Reproducibility of Immunological Tests Used To Assess Multiple Chemical Sensitivity Syndrome

Donald R. Hoover,1 Albert Donnay,2 Clifford S. Mitchell,3 Grace Ziem,4 Noel R. Rose,3,5 Daniel E. Sabath,6 Edward J. Yurkow,7 Robert Nakamura,8 Robert F. Vogt,9 Myron Waxdal,10 and Joseph B. Margolick5*

Department of Statistics and Institute for Health, Health Care Policy and Aging Research,1 Environmental and Occupational Health Sciences Institute, Rutgers University, Piscataway, New Jersey,7 Department of Environmental Health Sciences,3 Department of Molecular Microbiology and Immunology,5 Johns Hopkins Bloomberg School of Public Health, and MCS Referral and Resources, Baltimore, Maryland,2 Emmitsburg, Maryland,4 Departments of Laboratory Medicine and Medicine, University of Washington, Seattle, Washington,6 Department of Pathology, Scripps Research Institute, La Jolla, California,8 Division of Laboratory Sciences, Centers for Disease Control and Prevention, Atlanta, Georgia,9 FAST Systems, Inc., Gaithersburg, Maryland,10

Received 12 February 2003/ Returned for modification 10 April 2003/ Accepted 2 July 2003

Whether persons with multiple chemical sensitivity syndrome (MCS) have immunological abnormalities is unknown. To assess the reliability of selected immunological tests that have been hypothesized to be associated with MCS, replicate blood samples from 19 healthy volunteers, 15 persons diagnosed with MCS, and 11 persons diagnosed with autoimmune disease were analyzed in five laboratories for expression of four T-cell surface activation markers (CD25, CD26, CD38, and HLA-DR) and in four laboratories for autoantibodies (to smooth muscle, thyroid antigens, and myelin). For T-cell activation markers, the intralaboratory reproducibility was very good, with 90% of the replicates analyzed in the same laboratory differing by <=3%. Interlaboratory differences were statistically significant for all T-cell subsets except CD4+ cells, ranging from minor to eightfold for CD25+ subsets. Within laboratories, the date of analysis was significantly associated with the values for all cellular activation markers. Although reproducibility of autoantibodies could not be precisely assessed due to the rarity of abnormal results, there were inconsistencies across laboratories. The effect of shipping on all measurements, while sometimes statistically significant, was very small. These results support the reliability of fresh and shipped samples for detecting large (but perhaps not small) differences between groups of donors in the T-cell subsets tested. When comparing markers that are not well standardized, it may be important to distribute samples from different study groups evenly over time.

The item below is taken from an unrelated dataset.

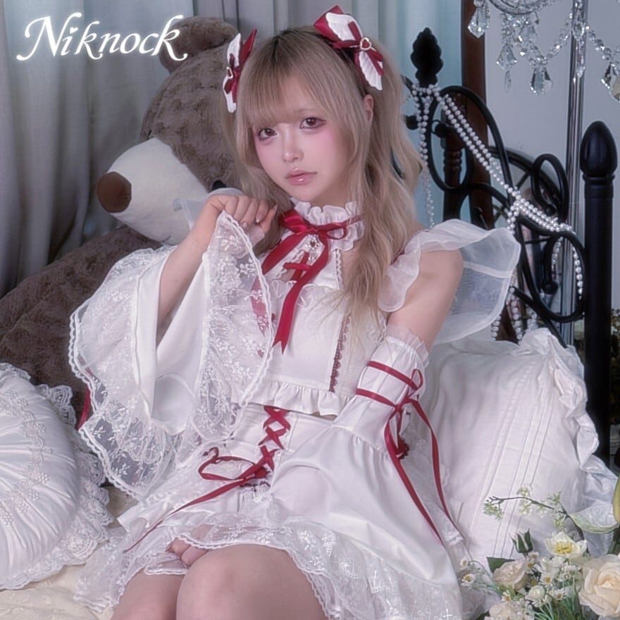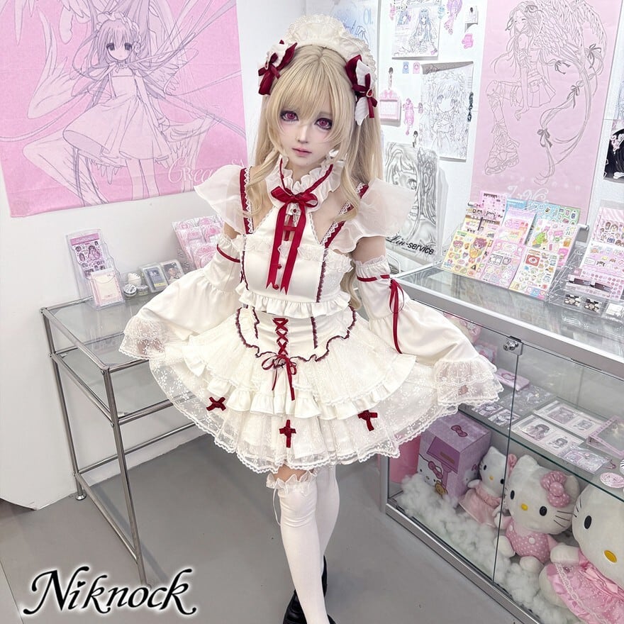 純真さと危うさを兼ね備えた白と黒。胸元の赤リボンと裾に並ぶ十字架が、地雷系・ゴシック特有の世界観を鮮烈に描き出します。取り外し可能な袖やヘアクリップまで揃った贅沢な5点セットで、着る瞬間から特別な物語の主人公になれます。双子コーデとして並べれば、圧倒的な美意識を演出できます。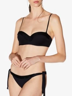 The embodiment of exceptional craft and striking sophistication, the powerfully feminine Luci Di Capri Bandeau Bikini Top in Black is cut to a timeless, underwired silhouette with removable padding. Crafted from luxurious soft-stretch microfiber that perfectly frames and flatters, it’s finished with undulating waves of jet black beads, embroidered on a tulle panel with our signature soutache technique. Complete the look with the Luci Di Capri High-Waisted or Bikini Briefs.

* Corresponding author. Mailing address: Department of Molecular Microbiology and Immunology, Johns Hopkins Bloomberg School of Public Health, 615 N. Wolfe St., Baltimore, MD 21205-2179. Phone: (410) 955-1436. Fax: (410) 614-8263. E-mail: jmargoli{at}jhsph.edu.


Clinical and Diagnostic Laboratory Immunology, November 2003, p. 1029-1036, Vol. 10, No. 6
1071-412X/03/$08.00+0     DOI: 10.1128/CDLI.10.6.1029-1036.2003
Copyright © 2003, American Society for Microbiology. All Rights Reserved.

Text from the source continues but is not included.